The ceiling of the Sistine Chapel is considered to be one of the most breathtaking interior paintings in the world. To create this magnificent work of art, the painter Michelangelo, laboured for four years between 1508 and 1512. Most things of beauty require a considerable amount of effort and data analytics and machine learning are no different. To extract valuable insights or to build a high performing machine learning model, a lot of work is done behind the scenes.
Data scientists usually go through a standard set of processes before emerging with great insights. These are:
Modelling (with many iterations)
Presentation of results
A typical machine learning process
When asked, a data scientist will invariably tell you that a majority of her time is spent on step 2, data preprocessing.

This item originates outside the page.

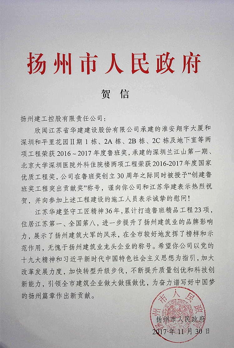 11月30日,揚(yáng)州市人民政府專門發(fā)來(lái)賀信,對(duì)公司承建的淮安翔宇大廈、深圳和平里花園Ⅱ期1棟 、2A棟、2B棟、2C棟及地下室兩工程榮獲2016-2017年度魯班獎(jiǎng);深圳蘭江山第一期、北京大學(xué)深圳醫(yī)院外科住院樓兩工程榮獲2016-2017年度國(guó)家優(yōu)質(zhì)工程獎(jiǎng),以及在魯班獎(jiǎng)創(chuàng)立30周年大會(huì)上被授予“創(chuàng)建魯班獎(jiǎng)工程突出貢獻(xiàn)獎(jiǎng)”稱號(hào),表示熱烈祝賀,并向參加上述工程建設(shè)的施工人員表示誠(chéng)摯的慰問。

Data preprocessing is about getting the raw data into a state that can be fed into the machine learning models. This involves:
Data cleansing, finding and eliminating errors in the data
Combining multiple datasets and creating new variables and aggregations
Formatting variables to ensure they are usable and in the same form
So much time is spent on data preprocessing because raw data almost never comes in a neat and obedient format. As organisations venture deeper into data-driven decision making, they must understand that data is not collected solely for regulatory compliance but also for more advanced analytics.
With this in mind, it helps tremendously if the data scientist is part of the data capturing effort. This will help ensure that organisations are collecting all required datasets and more importantly, are storing them in a usable format and location. This small change can make all the difference in how quickly your data science team moves from raw data to awesome insights that improve your business.